** About this task **
Your copy should match the listing below exactly, except that it holds no images.

** Provided material **
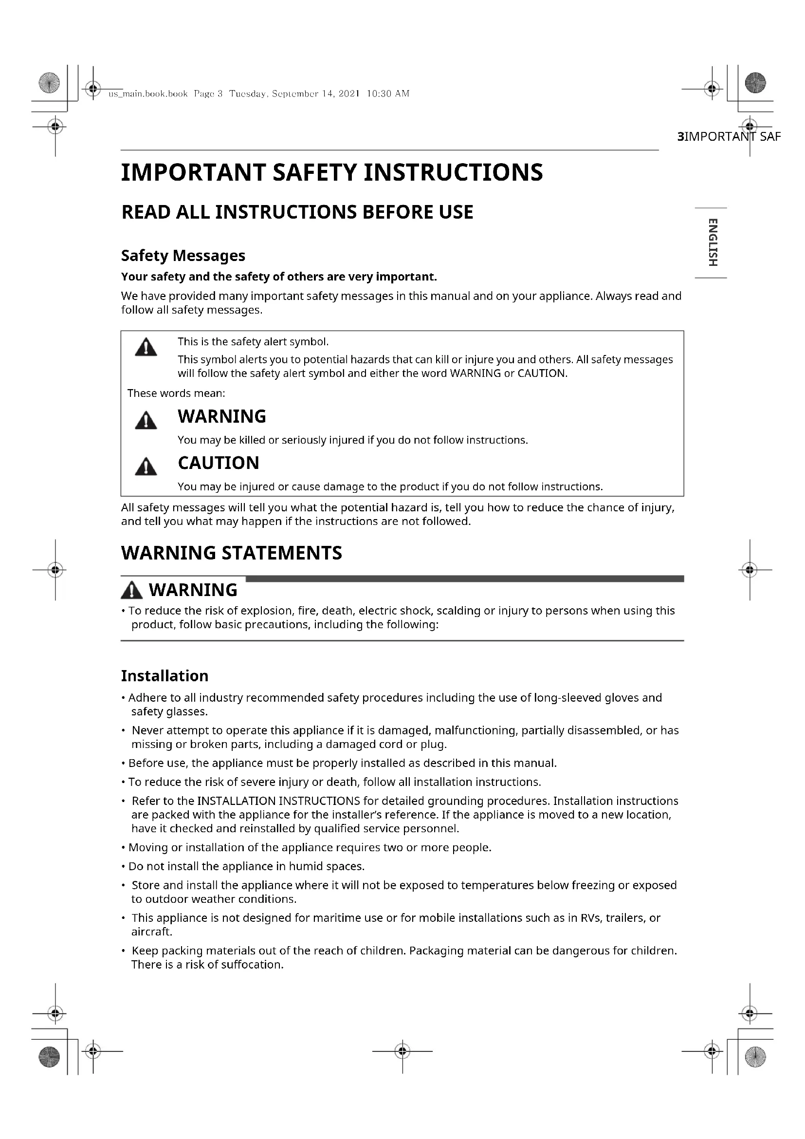 - Keep packing materials out of the reach of children. Packaging material can be dangerous for children. There is a risk of suffocation.This is the safety alert symbol.This symbol alerts you to potential hazards that can kill or injure you and others. All safety messages will follow the safety alert symbol and either the word WARNING or CAUTION. These words mean: WARNING You may be killed or seriously injured if you do not follow instructions. CAUTION You may be injured or cause damage to the product if you do not follow instructions.us_main.book.book Page 3 Tuesday, September 14, 2021 10:30 AM4 IMPORTANT SAFETY INSTRUCTIONS
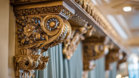 A detailed shot of the ornate stage curtain with golden tassels and intricate embroidery adding a touch of grandeur to the space
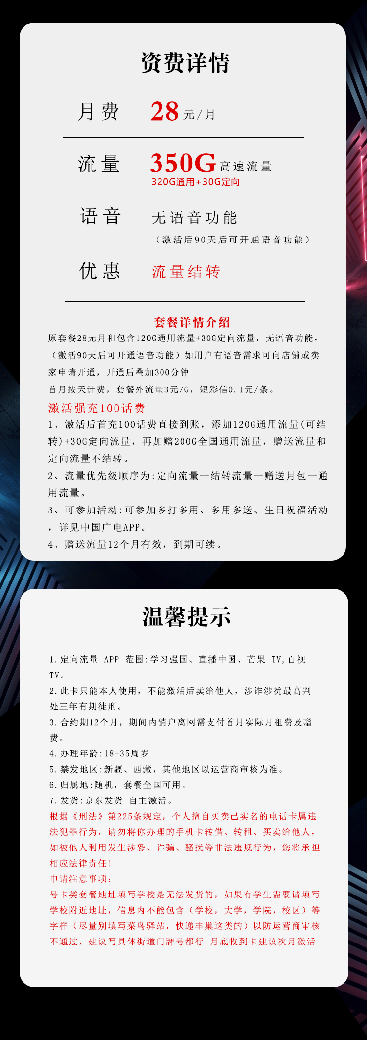 温馨提示:全国通用!点击下方按钮办理广电飞启卡【28元350G】,具体权益请查看详情图~
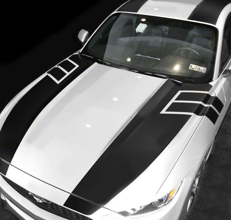 Application. The Over-The-Top Sport Stripes; Gloss Black fit 2015-2017 Mustang GT, EcoBoost, V6 models.

** Problem solution **
 - Keep packing materials out of the reach of children. Packaging material can be dangerous for children. There is a risk of suffocation.This is the safety alert symbol.This symbol alerts you to potential hazards that can kill or injure you and others. All safety messages will follow the safety alert symbol and either the word WARNING or CAUTION. These words mean: WARNING You may be killed or seriously injured if you do not follow instructions. CAUTION You may be injured or cause damage to the product if you do not follow instructions.us_main.book.book Page 3 Tuesday, September 14, 2021 10:30 AM4 IMPORTANT SAFETY INSTRUCTIONS
 A detailed shot of the ornate stage curtain with golden tassels and intricate embroidery adding a touch of grandeur to the space
 温馨提示:全国通用!点击下方按钮办理广电飞启卡【28元350G】,具体权益请查看详情图~
 Application. The Over-The-Top Sport Stripes; Gloss Black fit 2015-2017 Mustang GT, EcoBoost, V6 models.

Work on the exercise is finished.